Profiles are applied on containers and not on the Docker Engine daemon. If you want to use a profile on the daemon, you can generate and load one by using AppArmor directly. A profile is available in the Docker Engine source repository for the daemon but it is currently not installed with Docker, it has to be loaded manually.

Tutorial

This section is a small tutorial presenting how to create profiles for containers with bane and how to apply them. It will go through the generation of a profile for a Node.js application.

Install AppArmor and bane

Make sure the AppArmor module is installed on your kernel with the command aa-status.
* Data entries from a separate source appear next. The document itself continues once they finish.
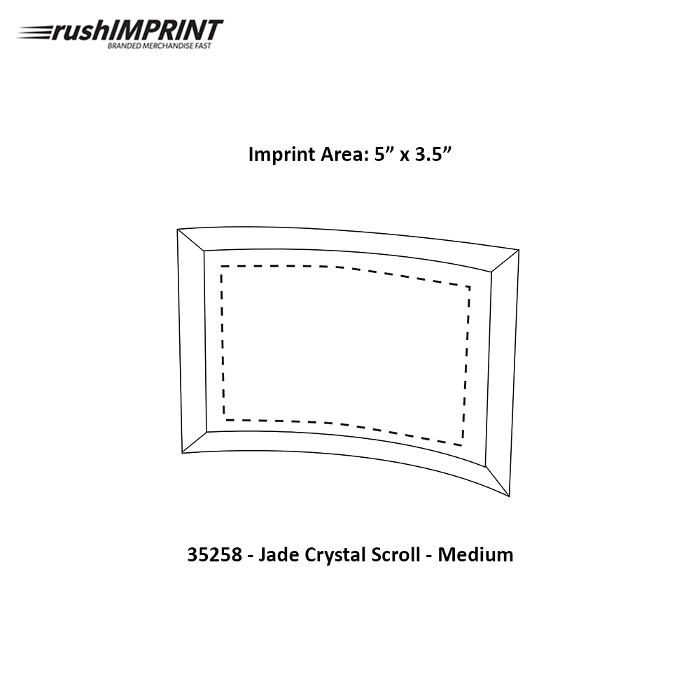 Model: 35258 Jade Crystal Scroll - Medium Product Description Show the success of the recipient to all using the Scroll Award. The clean and simple lines on this award will show your logo perfectly! Great desktop award. Material: Jade Glass. Price includes laser engraving. Size: 5"h x 6.5"w x 0.13"d Imprint Area: 3.5"h x 5"w Request A Virtual Proof Choose Quantity View Price Breaks Quantity Price 6 $66.36 12 $62.21 25 $58.06 100 $53.91 Enter quantity or drag slider. Minimum quantity is 6. Quantity: Price Each $66.36 Setup Charge: $0.00 Subtotal $398.16 Savings: $ over minimum qty pricing Choose Your Quantity Quantity Price 6 $66.36 12 $62.21 25 $58.06 100 $53.91 Standard Production Time: 7 business days Select Delivery Date Enter ZIP Code Apply Loading... Choose a Shipping Method -- Loading Shipping Prices -- Customize it! Upload Your Art Now Or Send it Later. Select Imprint Color(s) Back to Edit Product Color And Quantity Where on the item should we print your design? 5" x 3.5" Available print design areas 5" x 3.5" Quantity: 6 Add Your Artwork Add Artwork Add Now Send After Checkout Don’t have artwork? That’s ok! Artwork is not required to start a job. Simply skip this step and email us artwork later (helpdesk@claytonkendall.com). If you need assistance with your art, our designers can help with that too! Will I be able to approve my design before it goes into print? Yes! You will receive a digital mock-up of your artwork on this item within a few hours of placing your order. We will send your order into production only after you approve the mock-up. Only Image Aa Only Text Aa Text/Image Contact Us Enter Your Text Choose file Uploading logo. Please wait... Personalize your design by adding text and customizing its shape with a curve. Upload your logo to give it a professional touch, and combine these elements to create a one-of-a-kind design that’s uniquely yours. Open Product Designer Don’t have artwork? That’s ok! Artwork is not required to start a job. Simply skip this step and email us artwork later. If you need assistance with your art, our designers can help with that too! Will I be able to approve my design before it goes into print? Yes! You will receive a digital mock-up of your artwork on this item within a few hours of placing your order. We will send your order into production only after you approve the mock-up. Free art proof will be emailed with every order within one business day Total (loading...) qty x Set Up Shipping Cost Rush Charge Custom Fields Hazmat Fee Estimate arrival Savings Add to Cart Updating Price...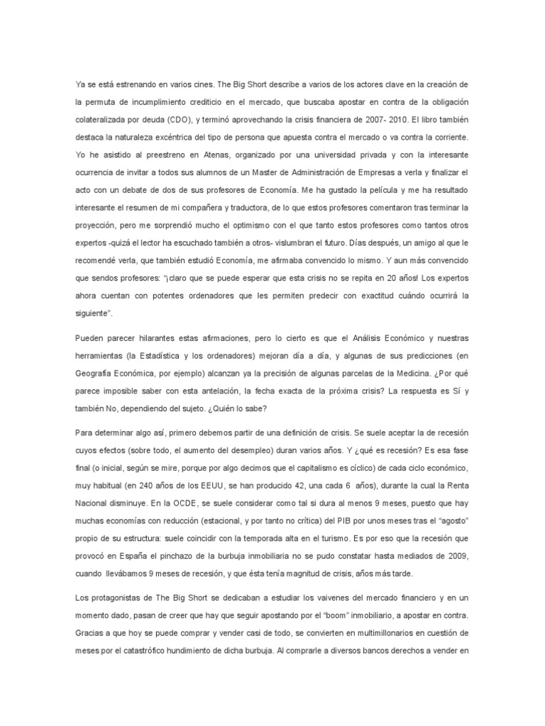 The Big Short Descargar gratis PDF Economias
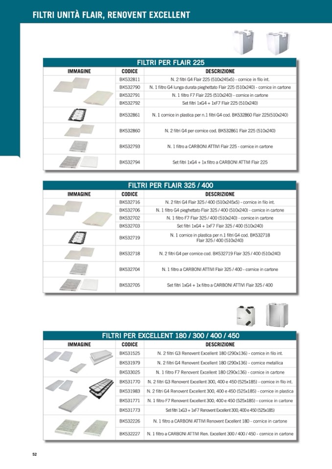 N. 2 filtri G3 Renovent Excellent 180 (290x136) - cornice in filo int.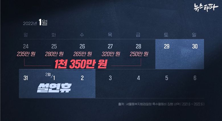2022년 1월, 심 전 총장은 다른 주엔 특수활동비를 전혀 지급하지 않다가 ▲1월 24일부터 시작하는 다섯 번째 주, 딱 이 한 주 동안만 ▲1,350만 원의 특수활동비를 몰아 썼다. 심 전 총장이 서울동부지검장으로 재임한 기간을 통틀어 ▲1주일을 기준으로 가장 큰 규모의 특수활동비를 쓴 때였다. ▲2022년 1월 다섯째 주는 그해 설 연휴가 시작되는 주였다.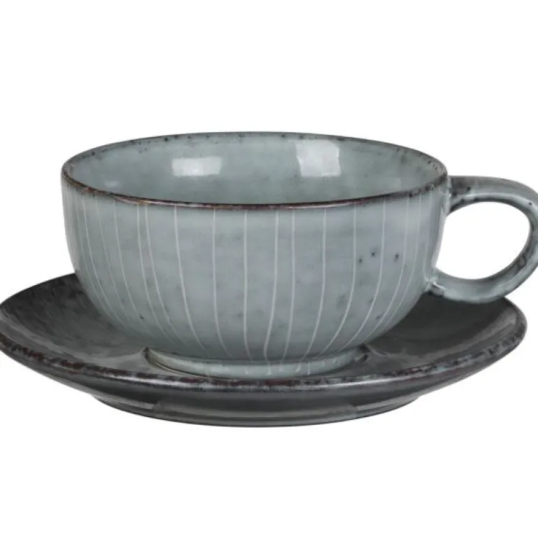 Gråblå kopp 25 cl med fat i Nordic Sea serien fra Broste Copenhagen. Bruk gjerne den fine koppen med fat alene eller sammen med de andre servisedelene i den flotte Nordic Sea serien. Den kan med fordel også brukes i en herlig avslappet miks av de andre populære serivsene fra Broste Copenhagen. Nordic Sea er den mest kjente og populære serien fra Broste Copenhagen. Fargeskalaen i serien fanger opp fargene i Nordsjøen på en stormfull dag. Det unike utseendet oppstår ved at delene har blitt glasert og deretter brent under jorden. Fordi alle delene reagerer forskjellig på denne prosessen får alle produkter unike uttrykk både når det gjelder farge og struktur. Tåler oppvaskmaskin. Tåler mikrobølgeovn.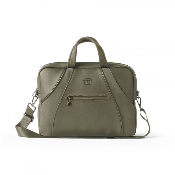 InTempo Slim Velvet two-handle bag in olive green .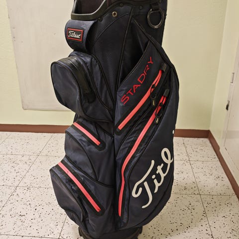 Muutaman vuoden käytössä ollut Titleistin Stadry vedenpitävä kärrybägi sadehupulla, jakaja 14:sta mailalle, ehjät vetoketjut, aurinko haalistanu väriä jonkun verran. Vedenpitävyyttä vielä on, mut ei enää viimesen päälle pitävä (esim. osa vetskareiden saumoista kuluneet, kts kuvat). Nouto Ristikivestä.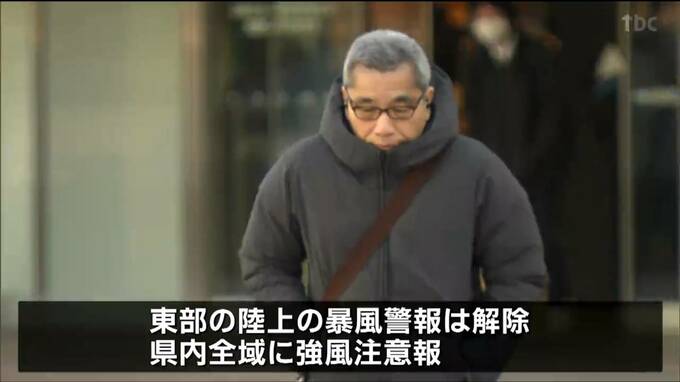 東部の陸上に出ていた暴風警報は解除されたものの県内全域に強風注意報が出ています。引き続き夕方まで西寄りの強風に注意してください。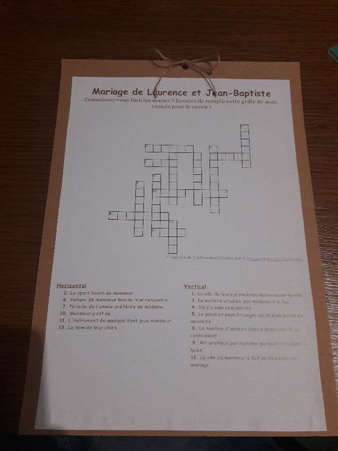 Nous avions mon conjoint et moi trouvés l'idée des mots croises pour voir si nos invités nous connaissent bien sympa, voilà le passage de l'idée à la réalisation faite! Nous en disposeront un par table avec sûrement un cadeau à la clé (mais pas...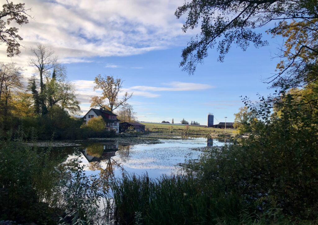 Ich hatte gehofft, euch den goldenen Oktober am Weiher zeigen zu können. Doch an den sonnigen Tagen, wenn ich dort vorbeikam, zeigte sich die Herbstverfärbung immer nur ausserhalb meines Blickwinkels. Ich hätte meinen Standort wohl besser etwas weiter nach Westen verlegen sollen!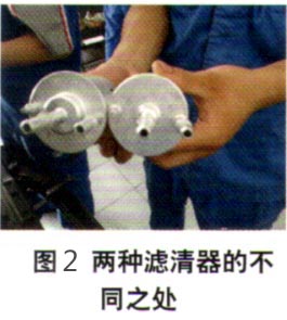 经用户同意后,更换了燃油泵。可是结果令人失望,响声丝毫没有减弱。用听诊器听,还是燃油泵的声音。恰好在这个时候有一辆同款车来做保养,对比燃油泵的声音,那辆车就小得多。仔细观察发现,那辆车的燃油滤清器与故障车的不一样,在进油口处没有一个圆形凸起(图1)。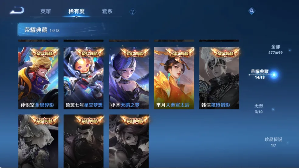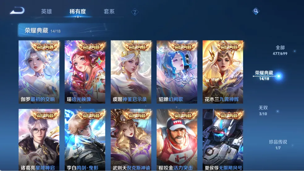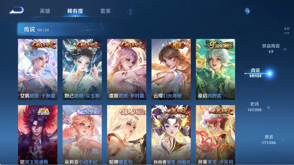 贵族等级V10,英雄数量124,典藏皮肤数13,皮肤数量477,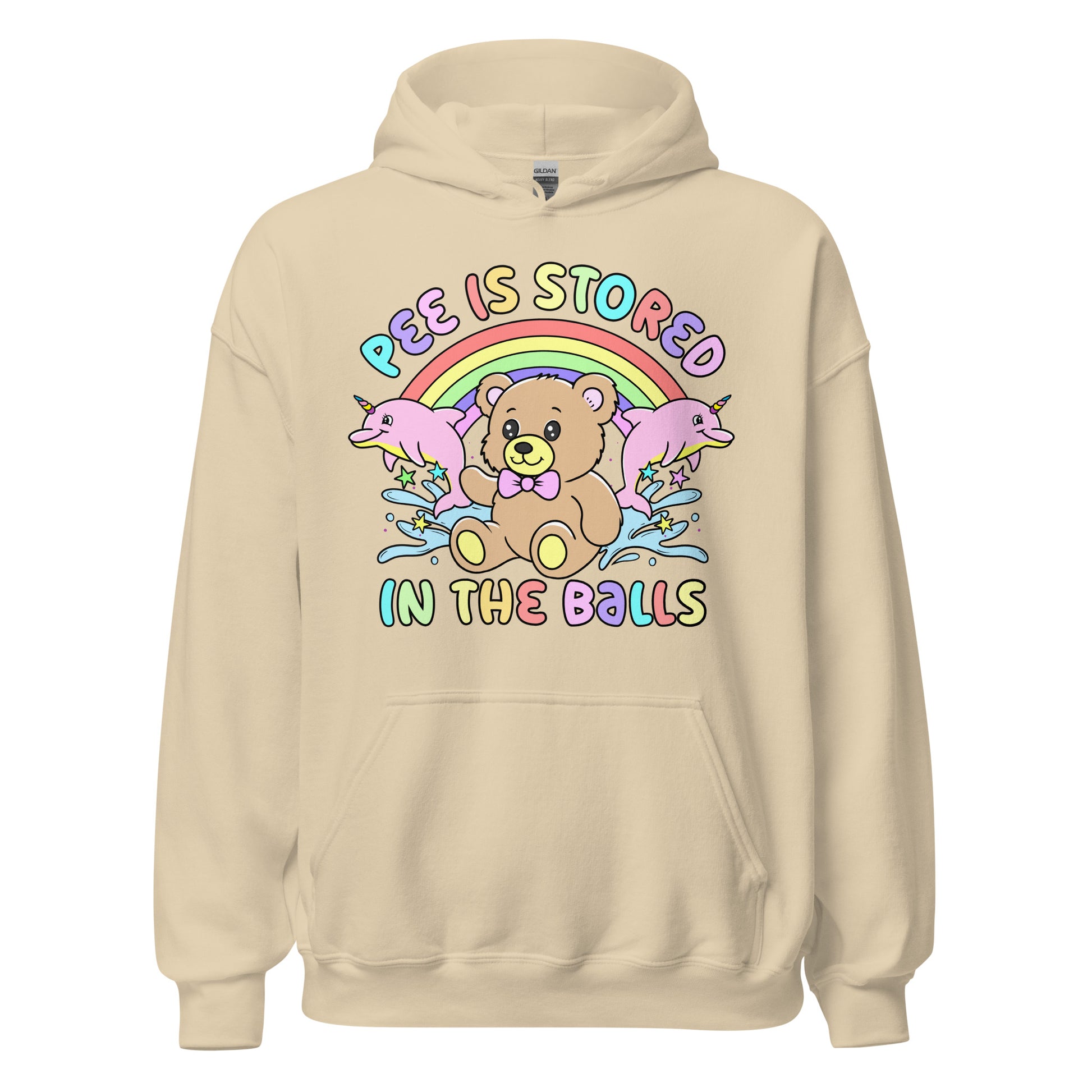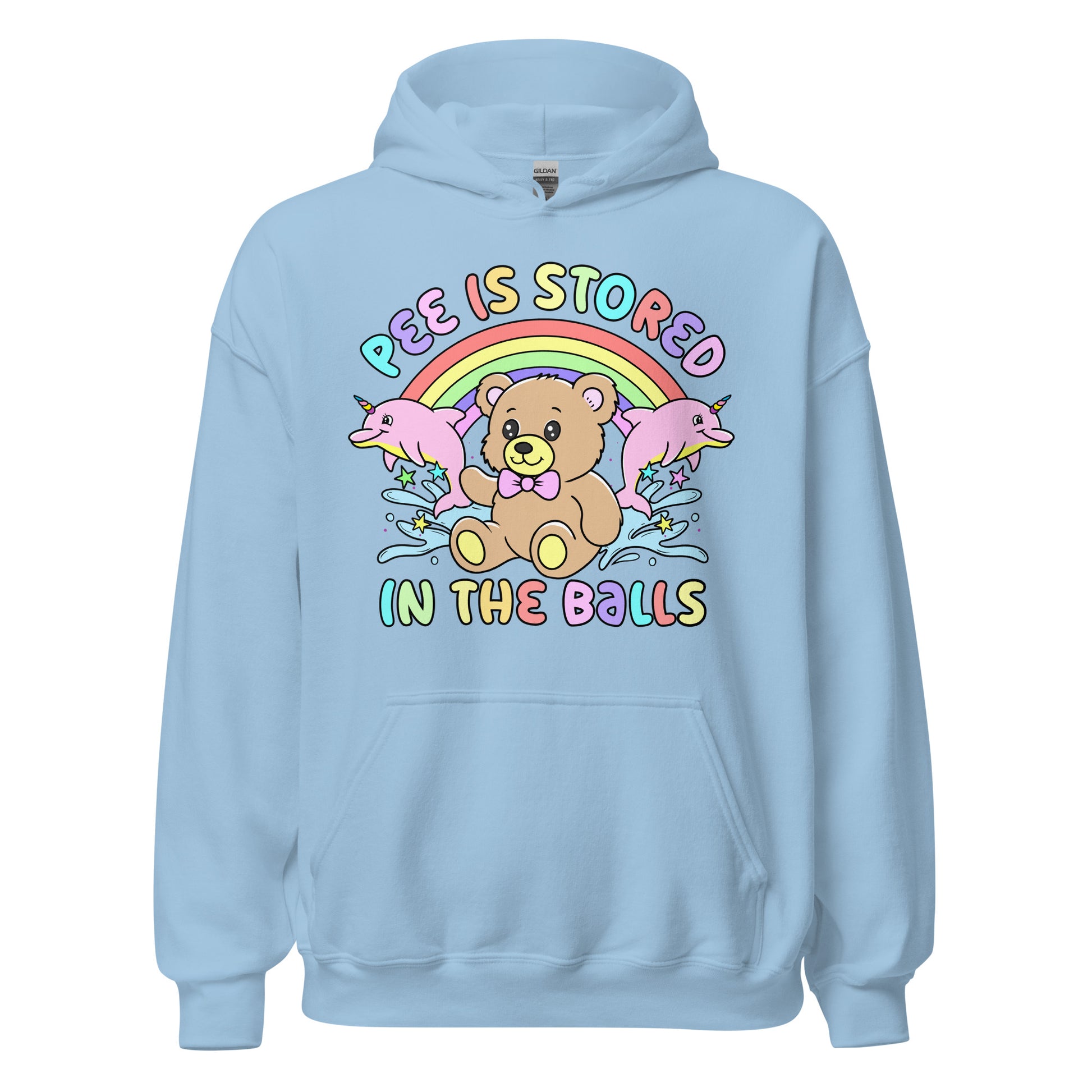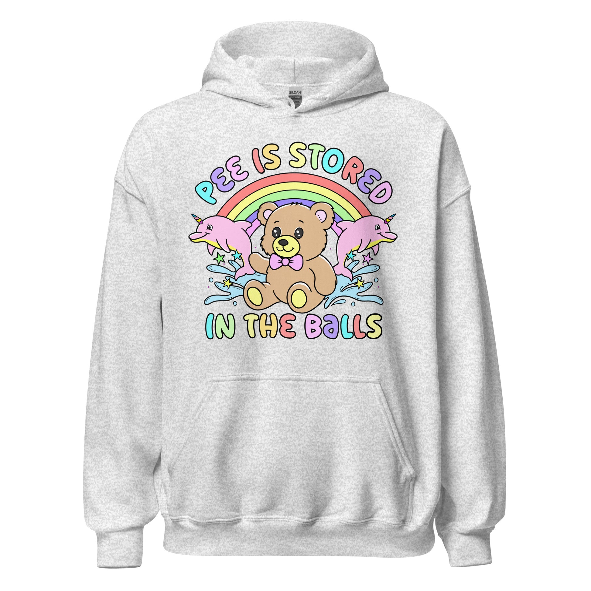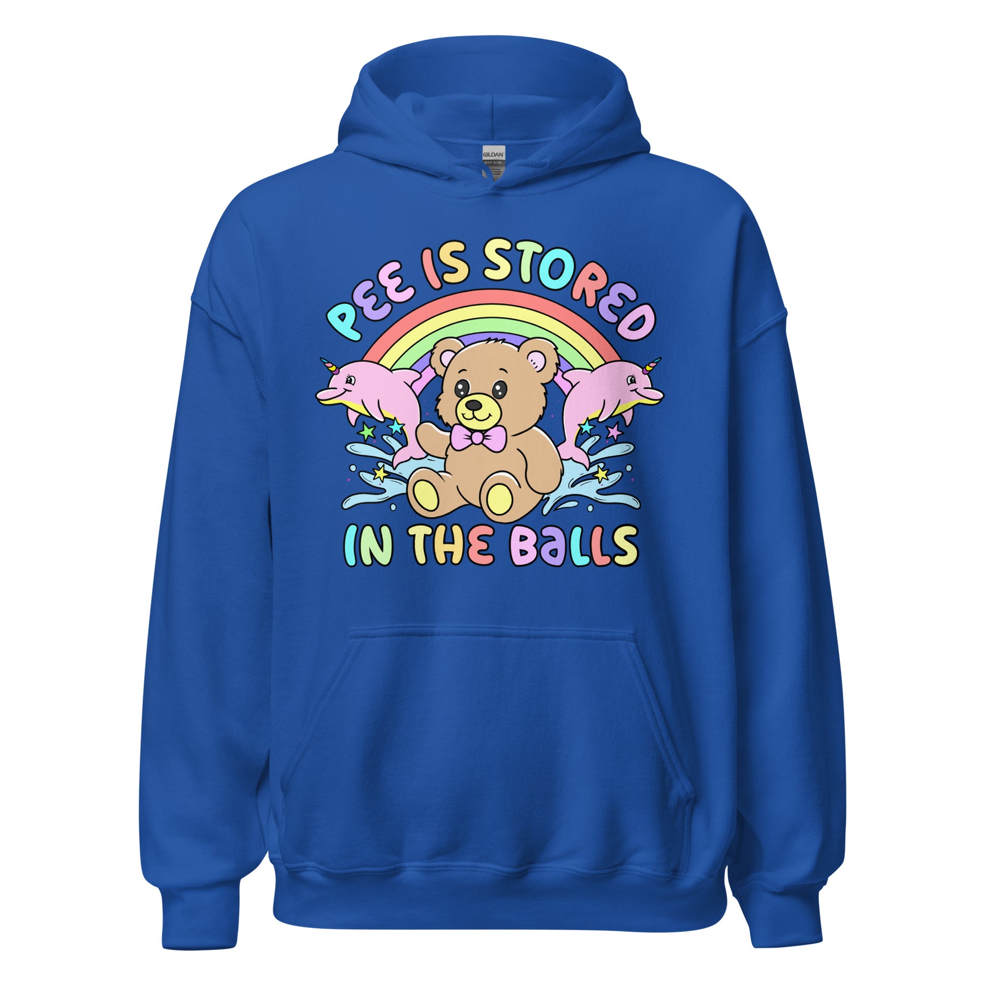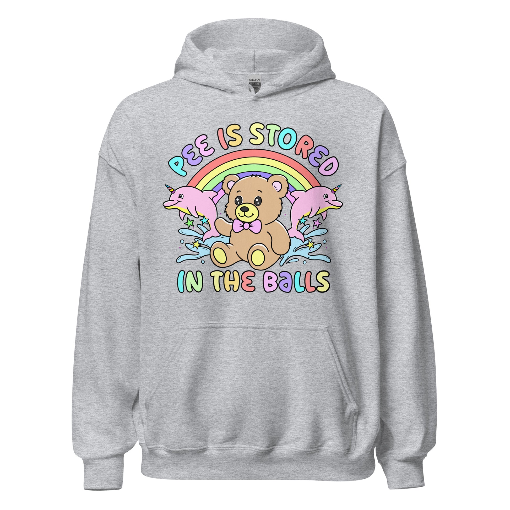 An offensive, vulgar graphic hoodie for anyone who loves bizarre, confusing, embarrassing humor. This inappropriate design turns the cursed meme “Pee Is Stored in the Balls” into a stupid-funny hoodie or sweatshirt you definitely shouldn’t wear in public.

If not, see distribution-specific instructions on how to install it:

  • It is shipped by default on all Debian-based Linux distributions.
  • Follow the wiki instructions to install it on Archlinux / Manjaro

To install bane, follow the instructions given on the release page of the tool depending on your OS and your computer architecture.

Generate an AppArmor profile for a docker container with bane

bane is a profile generator for docker containers. It simplifies the writing of profiles for docker containers. To start, we will create a very restricted profile preventing writing, network access, and use of any Linux capabilities. Then, to understand the rights our application requires, we will put this profile in audit and complain modes.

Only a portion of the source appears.